**INSTRUCTIONS TO FOLLOW**
Nothing but the lines below from the one containing "³ª°¡´Â °ÍÀ¸·Î ³ªÅ¸³µ´Ù." through the one containing "小さなボタンと大きなポケットがアクセント。バンドカラーのプルオーバー" should appear in the answer, exact and without pictures.

**SOURCE MATERIAL**
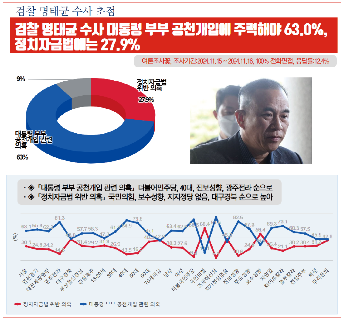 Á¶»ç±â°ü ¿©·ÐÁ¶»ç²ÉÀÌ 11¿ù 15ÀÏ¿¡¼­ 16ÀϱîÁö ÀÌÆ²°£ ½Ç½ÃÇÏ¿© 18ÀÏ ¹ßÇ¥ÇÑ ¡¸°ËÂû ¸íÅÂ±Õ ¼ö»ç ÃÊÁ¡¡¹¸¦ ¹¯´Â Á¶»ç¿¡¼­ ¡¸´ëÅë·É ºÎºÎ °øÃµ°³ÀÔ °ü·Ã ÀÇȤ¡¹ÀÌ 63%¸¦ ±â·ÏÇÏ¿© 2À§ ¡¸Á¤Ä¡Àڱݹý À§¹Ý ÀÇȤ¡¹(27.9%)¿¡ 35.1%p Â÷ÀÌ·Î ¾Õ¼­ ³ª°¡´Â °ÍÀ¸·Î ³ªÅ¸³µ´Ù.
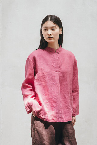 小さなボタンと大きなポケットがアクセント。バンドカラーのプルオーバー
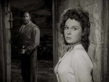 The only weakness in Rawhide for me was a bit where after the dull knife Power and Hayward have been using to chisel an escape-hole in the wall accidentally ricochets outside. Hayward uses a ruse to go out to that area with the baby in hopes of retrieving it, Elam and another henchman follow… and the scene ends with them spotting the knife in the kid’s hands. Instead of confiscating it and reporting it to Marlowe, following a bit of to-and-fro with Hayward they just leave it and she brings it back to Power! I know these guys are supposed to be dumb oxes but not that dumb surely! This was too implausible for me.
* * *
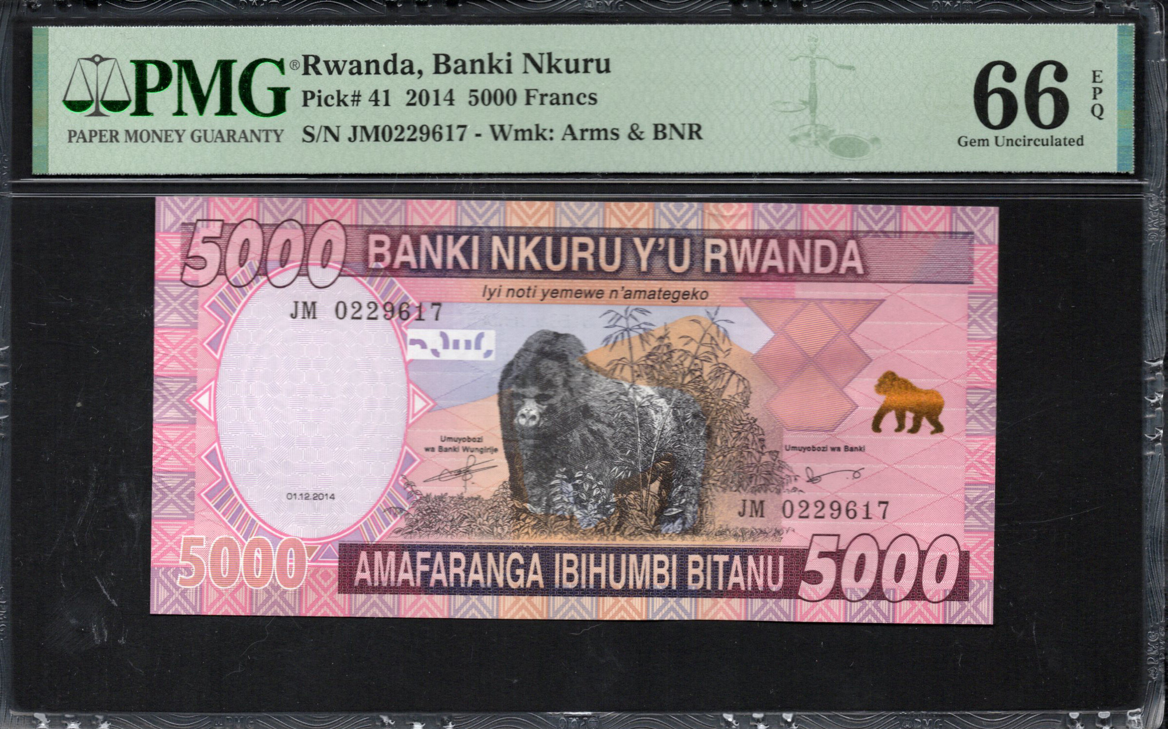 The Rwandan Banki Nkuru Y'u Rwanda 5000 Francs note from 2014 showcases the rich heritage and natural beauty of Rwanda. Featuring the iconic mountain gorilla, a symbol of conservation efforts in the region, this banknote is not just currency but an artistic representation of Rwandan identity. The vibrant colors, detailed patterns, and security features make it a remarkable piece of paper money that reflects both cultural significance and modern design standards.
==
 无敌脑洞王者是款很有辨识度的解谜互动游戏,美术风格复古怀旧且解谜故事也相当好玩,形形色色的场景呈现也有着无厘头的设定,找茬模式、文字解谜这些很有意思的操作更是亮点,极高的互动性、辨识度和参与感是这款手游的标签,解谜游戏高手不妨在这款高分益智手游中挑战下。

**ANSWER FOR THIS EXERCISE**
 Á¶»ç±â°ü ¿©·ÐÁ¶»ç²ÉÀÌ 11¿ù 15ÀÏ¿¡¼­ 16ÀϱîÁö ÀÌÆ²°£ ½Ç½ÃÇÏ¿© 18ÀÏ ¹ßÇ¥ÇÑ ¡¸°ËÂû ¸íÅÂ±Õ ¼ö»ç ÃÊÁ¡¡¹¸¦ ¹¯´Â Á¶»ç¿¡¼­ ¡¸´ëÅë·É ºÎºÎ °øÃµ°³ÀÔ °ü·Ã ÀÇȤ¡¹ÀÌ 63%¸¦ ±â·ÏÇÏ¿© 2À§ ¡¸Á¤Ä¡Àڱݹý À§¹Ý ÀÇȤ¡¹(27.9%)¿¡ 35.1%p Â÷ÀÌ·Î ¾Õ¼­ ³ª°¡´Â °ÍÀ¸·Î ³ªÅ¸³µ´Ù.
 小さなボタンと大きなポケットがアクセント。バンドカラーのプルオーバー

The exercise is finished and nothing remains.